Love & Family

I married my little brother!

'We don’t care what people think’

Debby Zutant, 50, got more than she expected when she found her long-lost brother.

Here, Debby, tells the story in her own words.

Seeing my doctor for a routine check-up, I waited for the dreaded question that I knew was coming.

‘What’s your family history like?’ he asked. I sighed, thinking of the complicated story.

Adopted at three weeks old, my birth parents – John and Mary – were just 15 when they’d fallen pregnant with me. And due to my mum’s strict Catholic upbringing, she wasn’t allowed to raise me.

I had an incredible childhood with the lovely couple who’d adopted me, along with my adoptive brother. But despite having a loving family, I couldn’t help thinking there was something missing. So, when I was 35, I hired a private investigator to find my birth family.

After six months they were successful and amazingly, my parents were happy to meet me. Seeing my birth mum, she pulled me into a big hug. And when I met my dad, he retrieved a grainy photo from his wallet. It was me as a baby.

‘I’ve carried this since the day you were born,’ he said.

He also told me I had a half-brother called Joe, from his second marriage.

Around a year later, I was at a family party when my uncle introduced me to Joe. Locking eyes with him, the world seemed to stop. ‘Nice to meet you,’ he beamed.

At that, a strange feeling washed over me. It wasn’t one of brotherly love, it was like love at first sight. I was horrified. He was my brother! We were related by blood.

After a quick chat, I left the party early. But Joe had got my number and when he asked me to dinner the next day, I agreed.

After that, he asked, ‘Can I see you again tomorrow?’

Getting ready, I took my time doing my make-up and spritzing perfume. I’m acting like I’m going on a date, I realised. ‘Get a grip!’ I told myself.

But at the restaurant there was an unmistakable chemistry.

At 23, Joe was 12 years younger than me. But he seemed to feel the same way. ‘I think you’re beautiful,’ he admitted.

Chatting away, we confessed we both had feelings for each other. Not wanting the night to end, I invited Joe back to my place.
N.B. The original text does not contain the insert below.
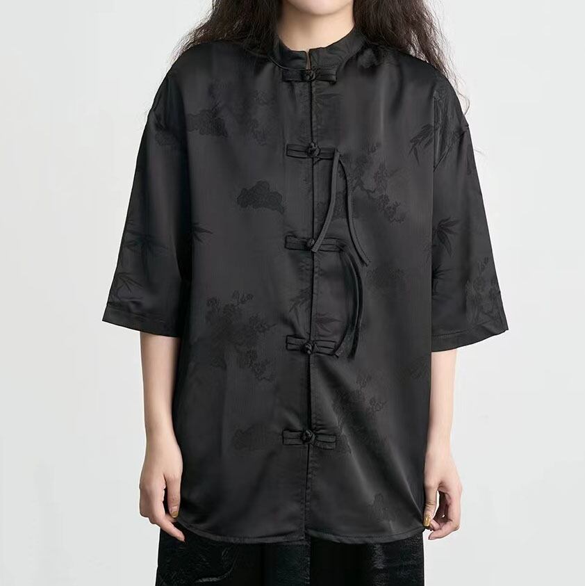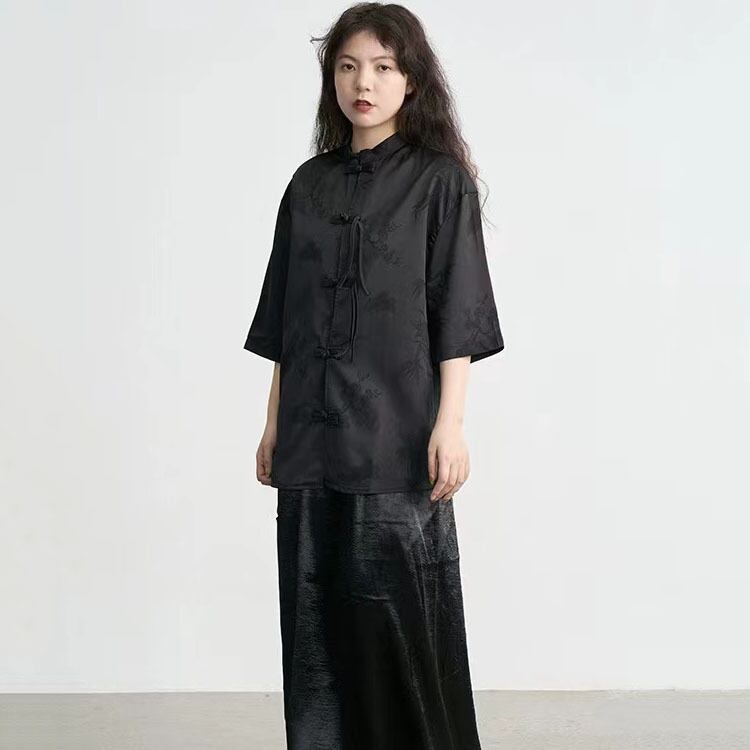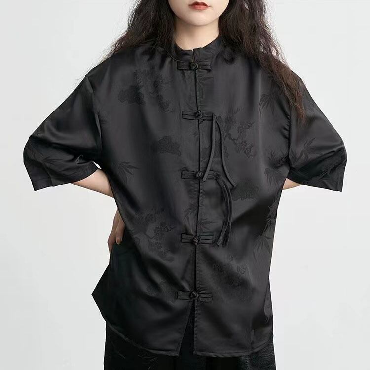 【之】★シャツ★ブラック チャイナ風 カジュアル 結び目ボタン | 之

Half of me felt disgusted as we inched towards each other on the sofa, but the other half desperately wanted to see what was going to happen next. Soon we were kissing, then we went to the bedroom.  It didn’t feel strange at all, in fact it felt natural. But the next morning, I was so ashamed.

When Joe left, I frantically searched the internet for other cases like ours. And I soon realised we weren’t the only ones this had happened to. There was even a term for it – genetic sexual attraction (GSA). It’s when two family members grow up apart but meet as adults and are sexually attracted. I’m not a weirdo after all, I thought.
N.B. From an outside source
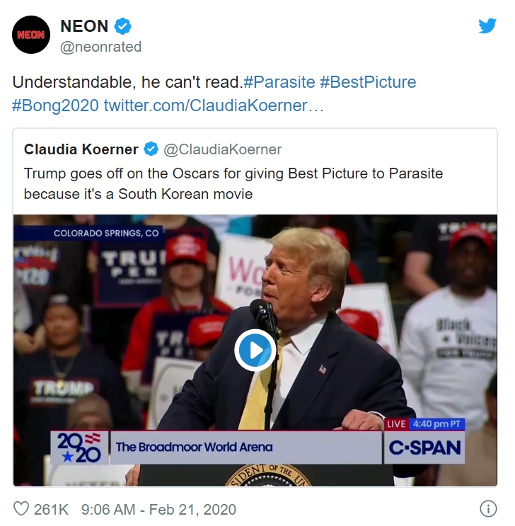《寄生上流》成為第一部拿下奧斯卡最佳影片的外語電影後,引起全球熱議,不過根據《CNN》報導,川普在近日出席科羅拉多泉市(Colorado Springs)的造勢晚會發表演說時,突然表示「今年的奧斯卡金像獎到底有多爛?你看到沒?贏家是一部來自南韓的電影。這到底是怎麼回事?」他接著說,「我們和南韓在貿易方面已經發生夠多問題了,而他們還把今年的最佳影片頒給他們(南韓)。這部電影好不好?我不知道。」隨後更表示最佳影片應該是經典電影,同時舉例《亂世佳人》(Gone with the Wind)、《日落大道》(Sunset Boulevard)等片。

We are deeply in love (Credit: Supplied)

A week later, Joe moved in with me. We led people to believe we were siblings catching up on lost time.

Behind closed doors, we were leading a double life as a couple though.

Every time I tried to bring it up with Joe, he would instantly dismiss it. But I needed to talk to someone so I confided in my adoptive mum.

‘I’ve known for ages Debby,’ she said. ‘I’ve just been waiting for you to tell me.’ It was such a relief.

In 2012, when we’d been together for nine years, Joe and I decided to move interstate. ‘No-one knows we are brother and sister here,’ Joe said. ‘Let’s just introduce ourselves as a couple.’ It was so liberating to finally be open.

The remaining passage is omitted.